• [Information]

....

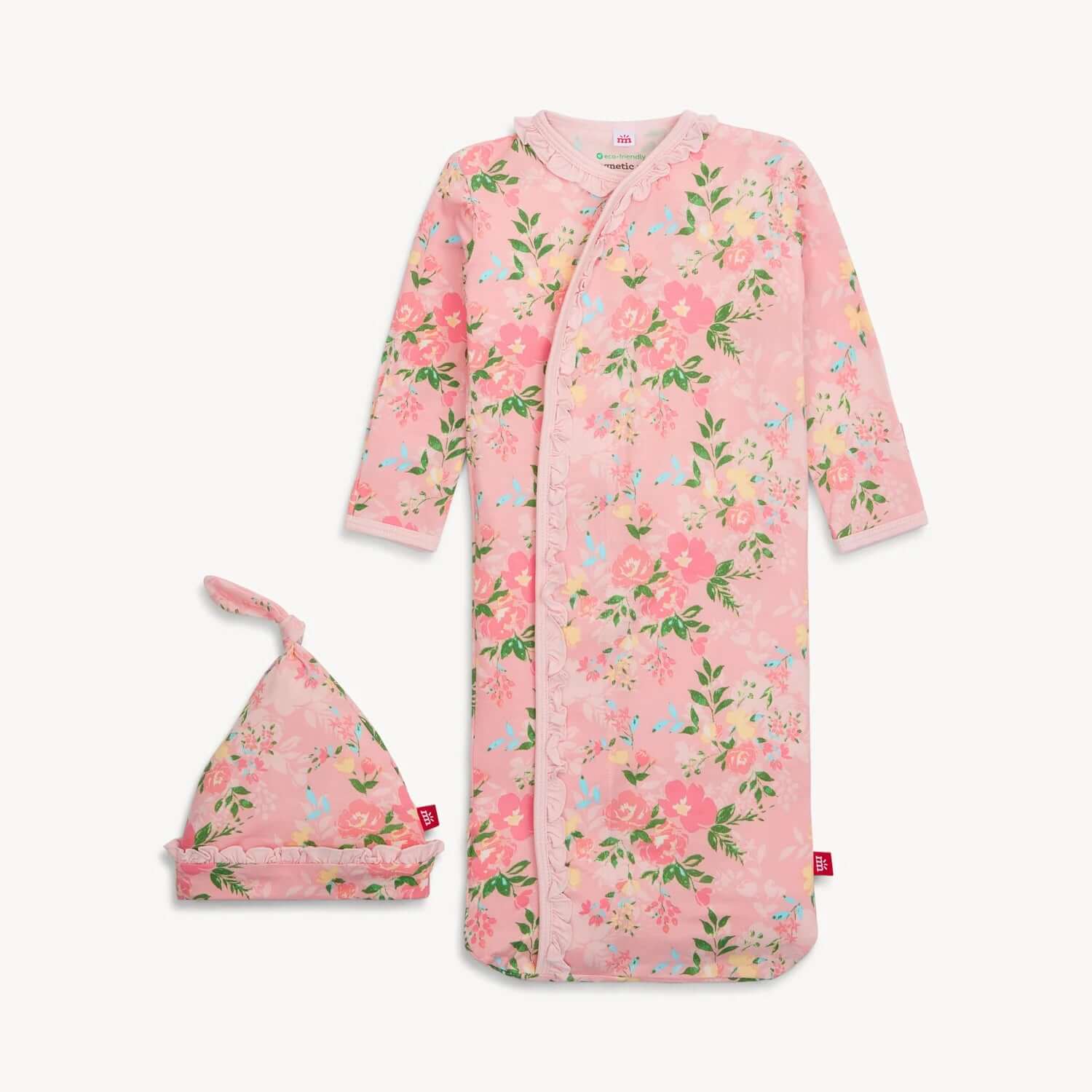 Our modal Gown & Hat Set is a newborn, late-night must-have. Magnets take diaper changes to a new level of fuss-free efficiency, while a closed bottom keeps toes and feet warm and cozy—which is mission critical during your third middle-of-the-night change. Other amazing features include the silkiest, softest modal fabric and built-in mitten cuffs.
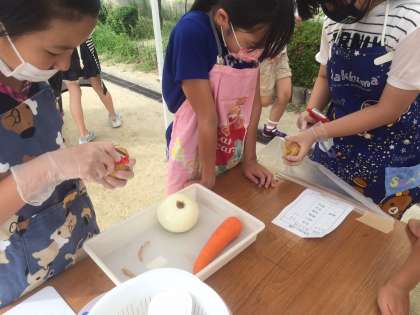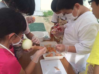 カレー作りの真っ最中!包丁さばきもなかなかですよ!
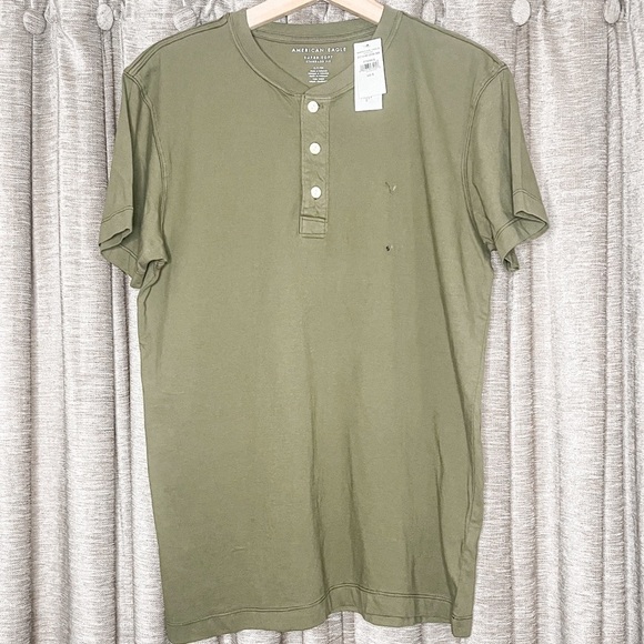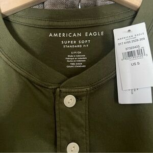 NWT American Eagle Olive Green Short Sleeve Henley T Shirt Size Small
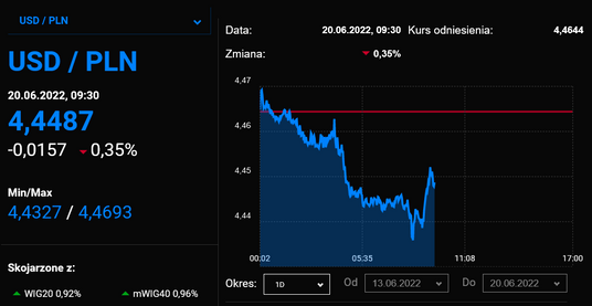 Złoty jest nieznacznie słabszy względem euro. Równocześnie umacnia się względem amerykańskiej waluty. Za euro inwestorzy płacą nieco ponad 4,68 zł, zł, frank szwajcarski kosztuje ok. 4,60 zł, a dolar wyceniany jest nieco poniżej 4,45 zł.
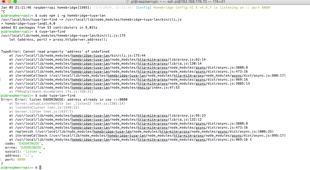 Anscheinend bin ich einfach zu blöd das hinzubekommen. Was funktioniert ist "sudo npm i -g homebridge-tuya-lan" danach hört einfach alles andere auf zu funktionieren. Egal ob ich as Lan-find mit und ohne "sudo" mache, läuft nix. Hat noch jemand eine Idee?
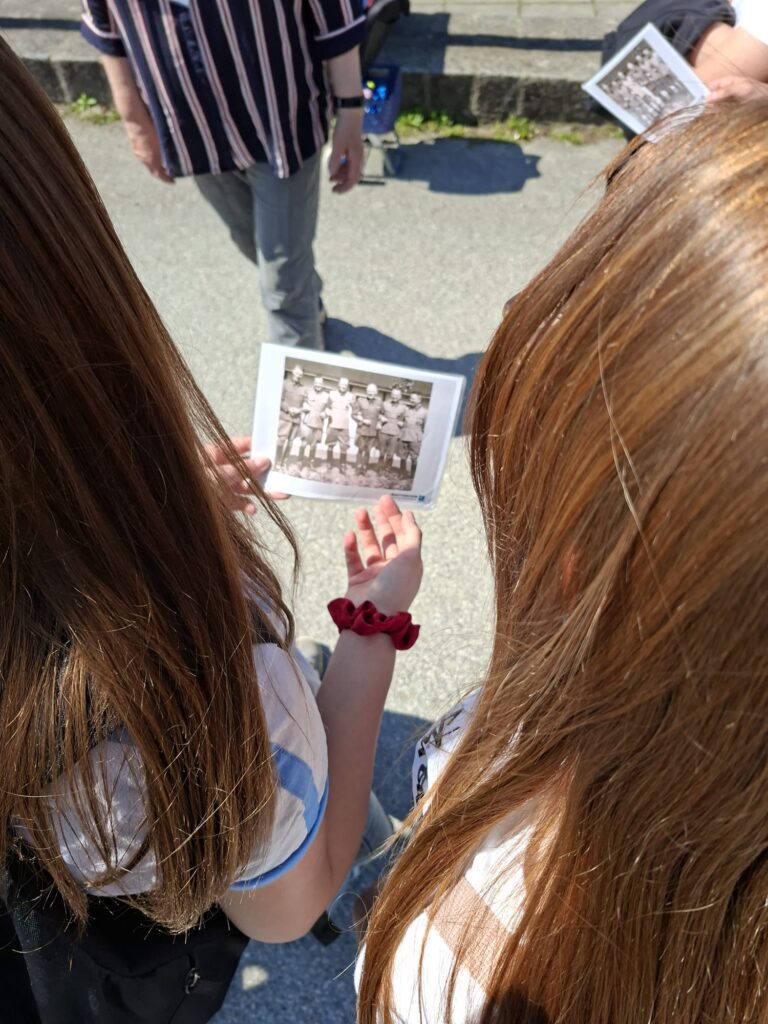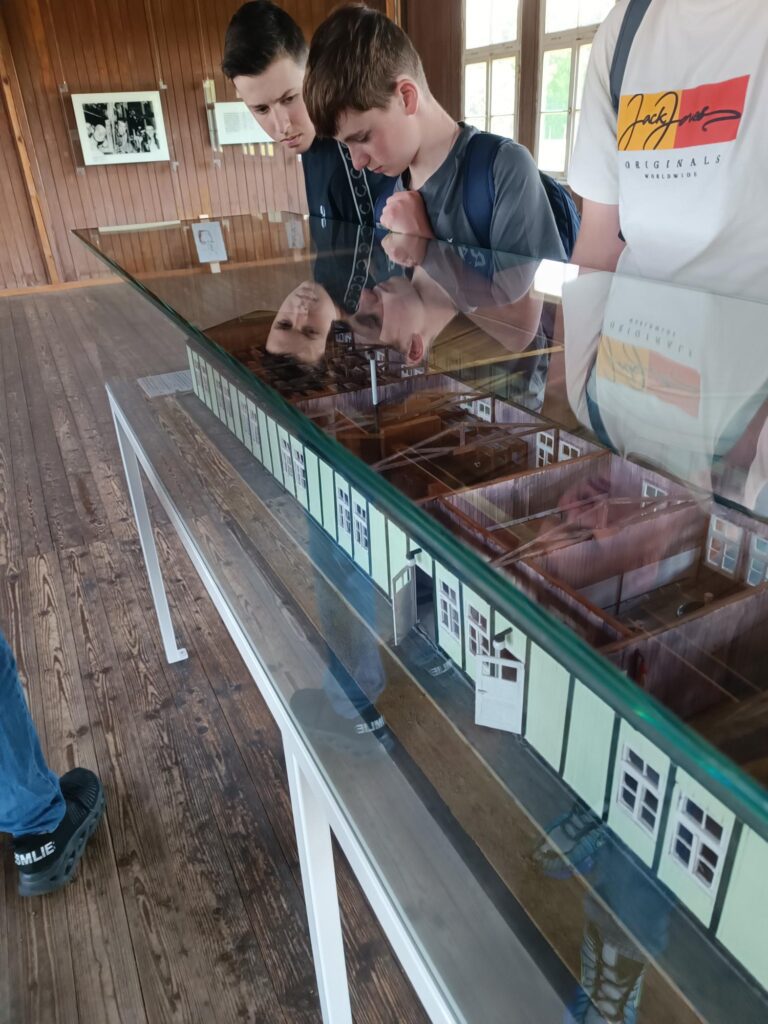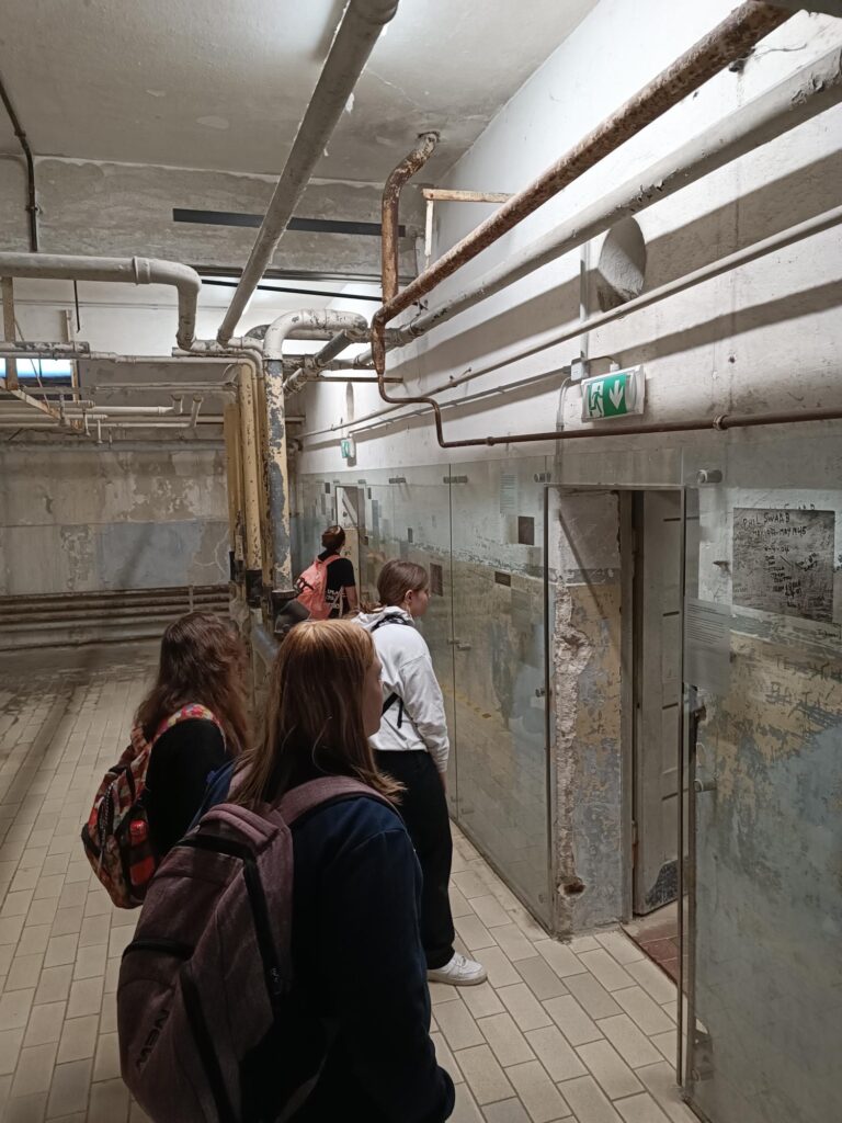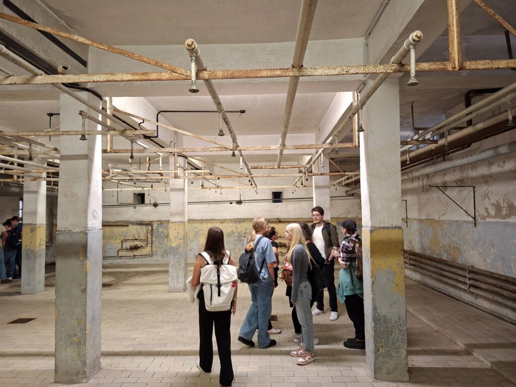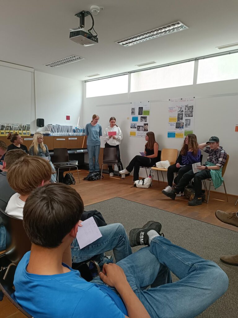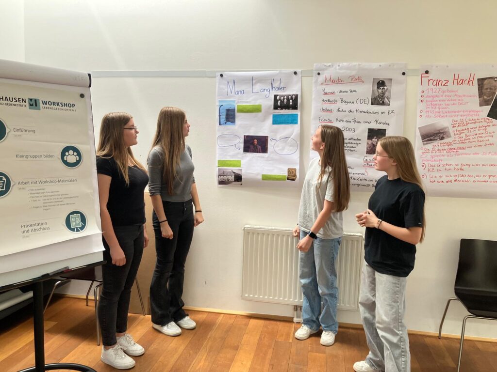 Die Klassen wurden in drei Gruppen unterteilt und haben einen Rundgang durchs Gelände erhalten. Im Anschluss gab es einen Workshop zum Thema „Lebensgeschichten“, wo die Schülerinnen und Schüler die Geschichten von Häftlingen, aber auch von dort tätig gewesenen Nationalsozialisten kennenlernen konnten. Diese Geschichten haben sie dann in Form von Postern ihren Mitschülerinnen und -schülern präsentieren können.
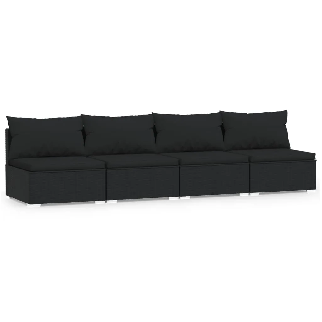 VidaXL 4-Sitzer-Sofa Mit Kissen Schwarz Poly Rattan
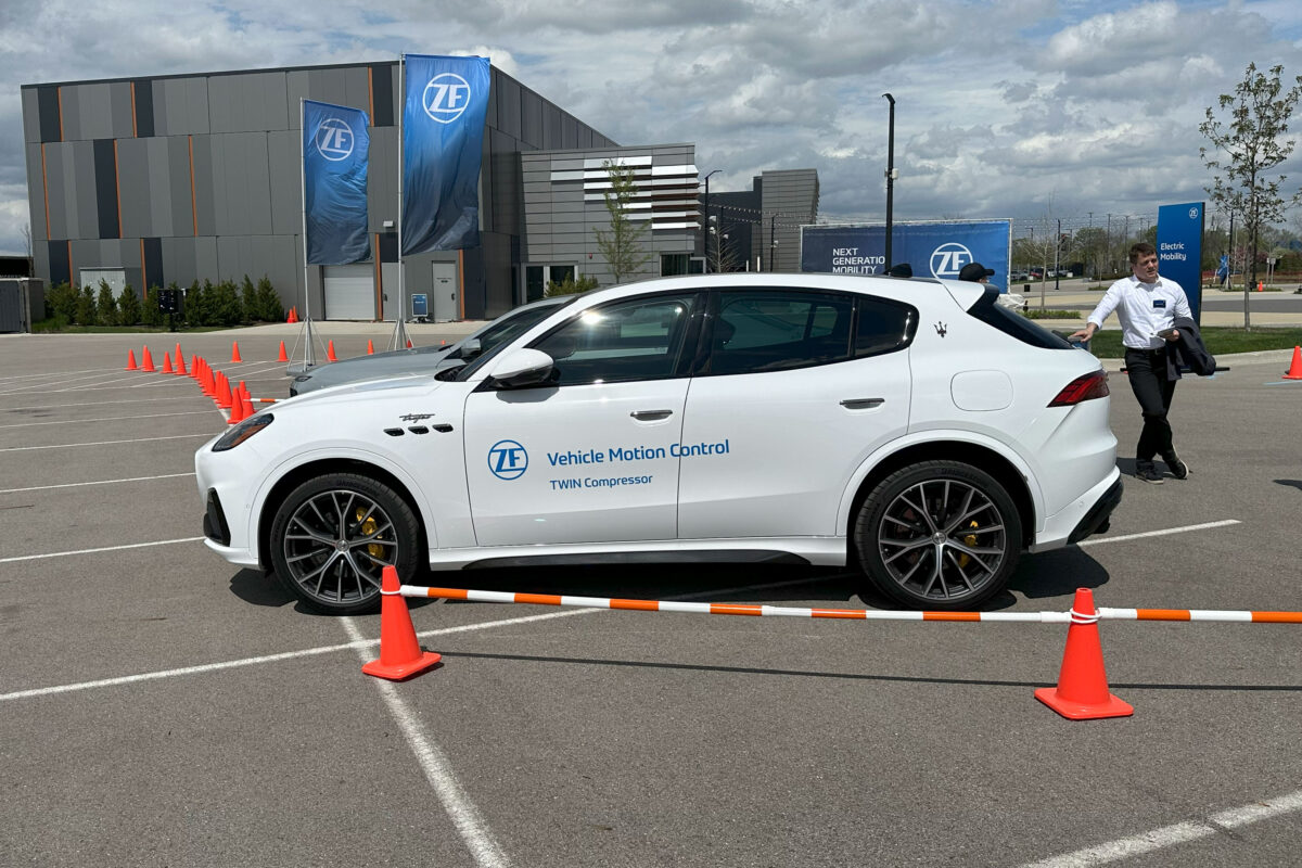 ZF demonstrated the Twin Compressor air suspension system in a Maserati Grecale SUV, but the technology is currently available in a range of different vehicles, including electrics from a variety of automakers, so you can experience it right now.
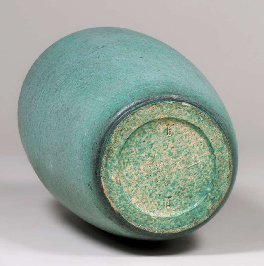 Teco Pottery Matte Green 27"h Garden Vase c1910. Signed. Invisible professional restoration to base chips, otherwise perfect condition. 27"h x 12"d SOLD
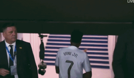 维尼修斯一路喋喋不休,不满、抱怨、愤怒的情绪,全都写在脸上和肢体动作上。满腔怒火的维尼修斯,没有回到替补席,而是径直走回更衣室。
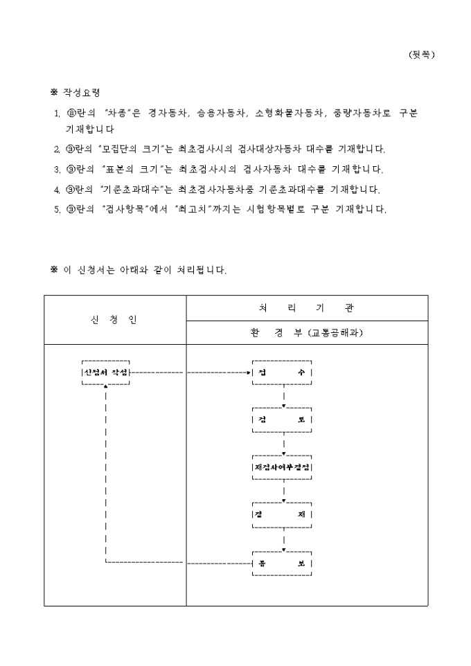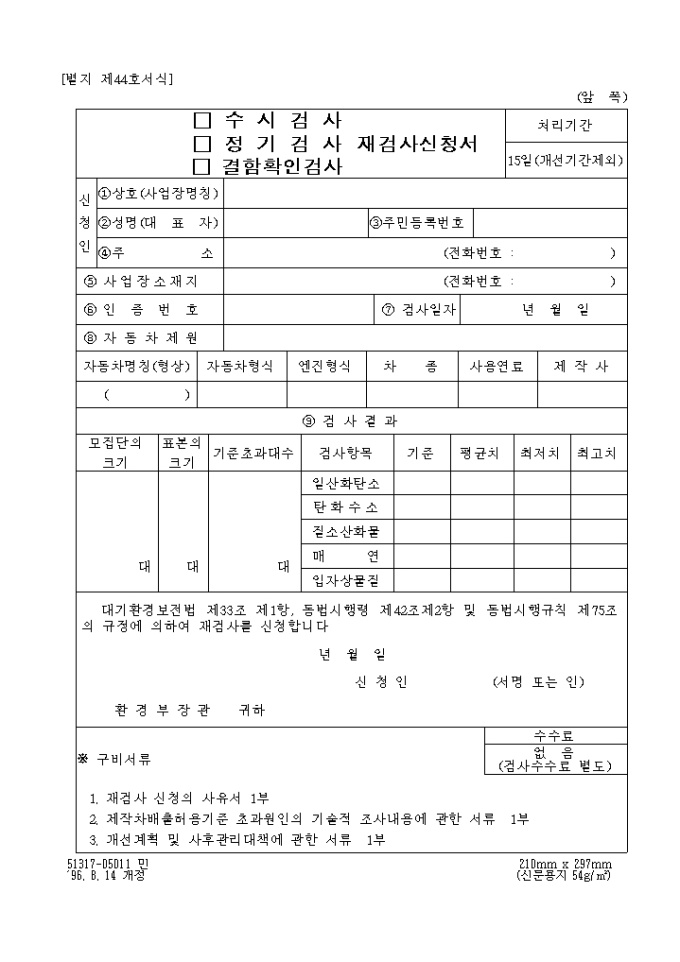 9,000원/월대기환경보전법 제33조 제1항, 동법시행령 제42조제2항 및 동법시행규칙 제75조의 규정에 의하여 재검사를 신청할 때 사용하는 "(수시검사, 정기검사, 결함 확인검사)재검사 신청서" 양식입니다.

....

• [Required action] Repeat each entry exactly. Pictures do not belong in the copy.

• [Finished task]
 Our modal Gown & Hat Set is a newborn, late-night must-have. Magnets take diaper changes to a new level of fuss-free efficiency, while a closed bottom keeps toes and feet warm and cozy—which is mission critical during your third middle-of-the-night change. Other amazing features include the silkiest, softest modal fabric and built-in mitten cuffs.
 カレー作りの真っ最中!包丁さばきもなかなかですよ!
 NWT American Eagle Olive Green Short Sleeve Henley T Shirt Size Small
 Złoty jest nieznacznie słabszy względem euro. Równocześnie umacnia się względem amerykańskiej waluty. Za euro inwestorzy płacą nieco ponad 4,68 zł, zł, frank szwajcarski kosztuje ok. 4,60 zł, a dolar wyceniany jest nieco poniżej 4,45 zł.
 Anscheinend bin ich einfach zu blöd das hinzubekommen. Was funktioniert ist "sudo npm i -g homebridge-tuya-lan" danach hört einfach alles andere auf zu funktionieren. Egal ob ich as Lan-find mit und ohne "sudo" mache, läuft nix. Hat noch jemand eine Idee?
 Die Klassen wurden in drei Gruppen unterteilt und haben einen Rundgang durchs Gelände erhalten. Im Anschluss gab es einen Workshop zum Thema „Lebensgeschichten“, wo die Schülerinnen und Schüler die Geschichten von Häftlingen, aber auch von dort tätig gewesenen Nationalsozialisten kennenlernen konnten. Diese Geschichten haben sie dann in Form von Postern ihren Mitschülerinnen und -schülern präsentieren können.
 VidaXL 4-Sitzer-Sofa Mit Kissen Schwarz Poly Rattan
 ZF demonstrated the Twin Compressor air suspension system in a Maserati Grecale SUV, but the technology is currently available in a range of different vehicles, including electrics from a variety of automakers, so you can experience it right now.
 Teco Pottery Matte Green 27"h Garden Vase c1910. Signed. Invisible professional restoration to base chips, otherwise perfect condition. 27"h x 12"d SOLD
 维尼修斯一路喋喋不休,不满、抱怨、愤怒的情绪,全都写在脸上和肢体动作上。满腔怒火的维尼修斯,没有回到替补席,而是径直走回更衣室。
 9,000원/월대기환경보전법 제33조 제1항, 동법시행령 제42조제2항 및 동법시행규칙 제75조의 규정에 의하여 재검사를 신청할 때 사용하는 "(수시검사, 정기검사, 결함 확인검사)재검사 신청서" 양식입니다.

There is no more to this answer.